FFT Inaccuracy for C#

Tags:

Ive been experimenting with the FFT algorithm. I use NAudio along with a working code of the FFT algorithm from the internet. Based on my observations of the performance, the resulting pitch is inaccurate.

What happens is that I have an MIDI (generated from GuitarPro) converted to WAV file (44.1khz, 16-bit, mono) that contains a pitch progression starting from E2 (the lowest guitar note) up to about E6. What results is for the lower notes (around E2-B3) its generally very wrong. But reaching C4 its somewhat correct in that you can already see the proper progression (next note is C#4, then D4, etc.) However, the problem there is that the pitch detected is a half-note lower than the actual pitch (e.g. C4 should be the note but D#4 is displayed).

What do you think may be wrong? I can post the code if necessary. Thanks very much! Im still beginning to grasp the field of DSP.
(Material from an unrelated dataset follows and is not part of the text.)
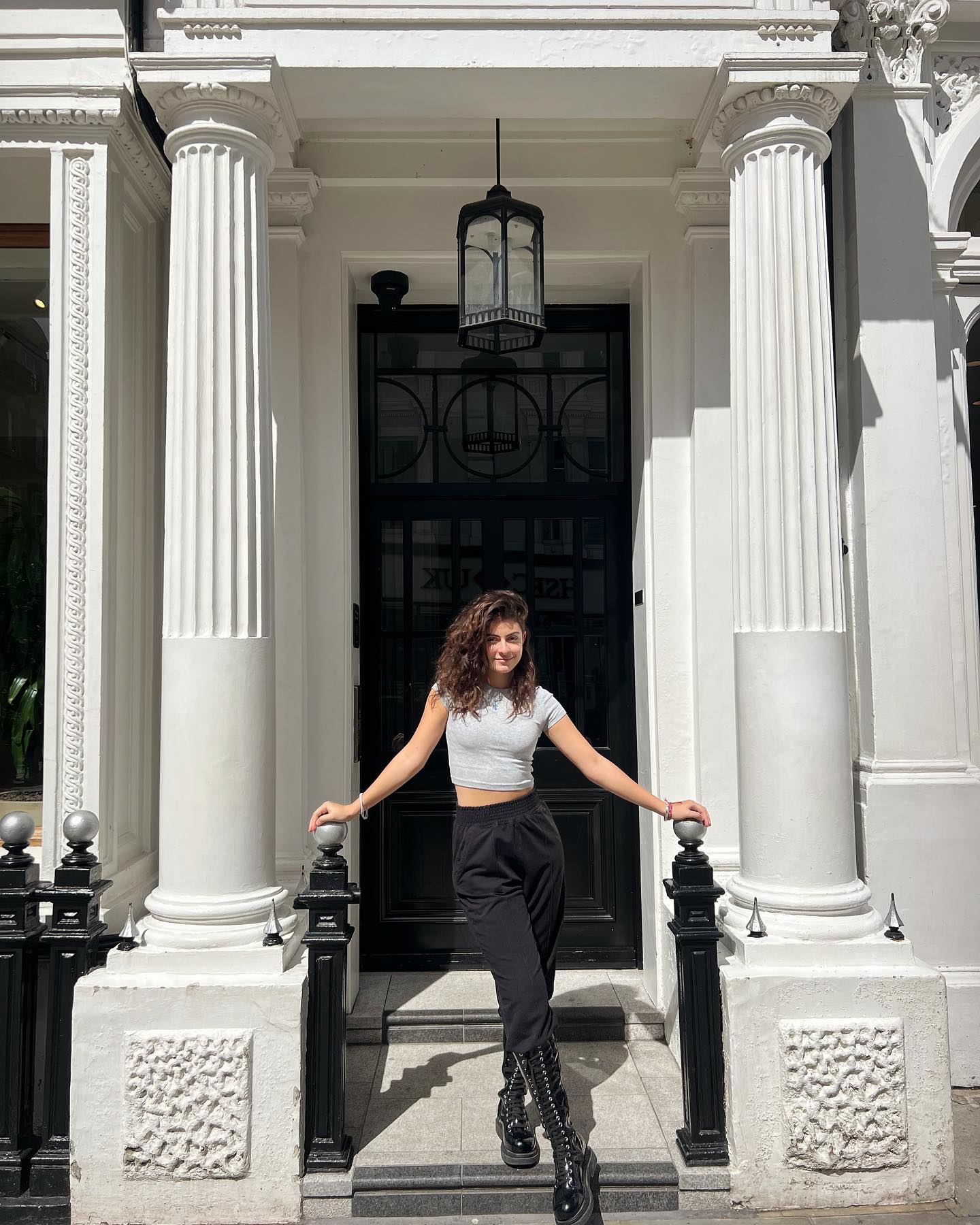 في إحدى رحلاتها، نسقت توبًا رماديًا قصيرًا مع بنطال رياضي أسود ضيق عند الكاحل، وأكملت اللوك بحذاء جلدي قتالي أسود.

Edit: Here is a rough scratch of what Im doing

Click to copy

byte[] buffer = new byte[8192];
int bytesRead;
do
{
  bytesRead = stream16.Read(buffer, 0, buffer.Length);
} while (bytesRead != 0);

And then: (waveBuffer is simply a class that is there to convert the byte[] into float[] since the function only accepts float[])

Click to copy

public int Read(byte[] buffer, int offset, int bytesRead)
{
  int frames = bytesRead / sizeof(float);
  float pitch = DetectPitch(waveBuffer.FloatBuffer, frames);
}

And lastly: (Smbpitchfft is the class that has the FFT algo ... i believe theres nothing wrong with it so im not posting it here)

Click to copy

private float DetectPitch(float[] buffer, int inFrames)
{
  Func<int, int, float> window = HammingWindow;
  if (prevBuffer == null)
  {
    prevBuffer = new float[inFrames]; //only contains zeroes
  }  

  // double frames since we are combining present and previous buffers
  int frames = inFrames * 2;
  if (fftBuffer == null)
  {
    fftBuffer = new float[frames * 2]; // times 2 because it is complex input
  }

  for (int n = 0; n < frames; n++)
  {
     if (n < inFrames)
     {
       fftBuffer[n * 2] = prevBuffer[n] * window(n, frames);
       fftBuffer[n * 2 + 1] = 0; // need to clear out as fft modifies buffer
     }
     else
     {
       fftBuffer[n * 2] = buffer[n - inFrames] * window(n, frames);
       fftBuffer[n * 2 + 1] = 0; // need to clear out as fft modifies buffer
     }
   }
   SmbPitchShift.smbFft(fftBuffer, frames, -1);
  }

And for interpreting the result:

Click to copy

float binSize = sampleRate / frames;
int minBin = (int)(82.407 / binSize); //lowest E string on the guitar
int maxBin = (int)(1244.508 / binSize); //highest E string on the guitar

float maxIntensity = 0f;
int maxBinIndex = 0;

for (int bin = minBin; bin <= maxBin; bin++)
{
    float real = fftBuffer[bin * 2];
    float imaginary = fftBuffer[bin * 2 + 1];
    float intensity = real * real + imaginary * imaginary;
    if (intensity > maxIntensity)
    {
        maxIntensity = intensity;
        maxBinIndex = bin;
    }
}

return binSize * maxBinIndex;

UPDATE (if anyone is still interested):

So, one of the answers below stated that the frequency peak from the FFT is not always equivalent to pitch. I understand that. But I wanted to try something for myself if that was the case (on the assumption that there are times in which the frequency peak IS the resulting pitch). So basically, I got 2 softwares (SpectraPLUS and FFTProperties by DewResearch ; credits to them) that is able to display the frequency-domain for the audio signals.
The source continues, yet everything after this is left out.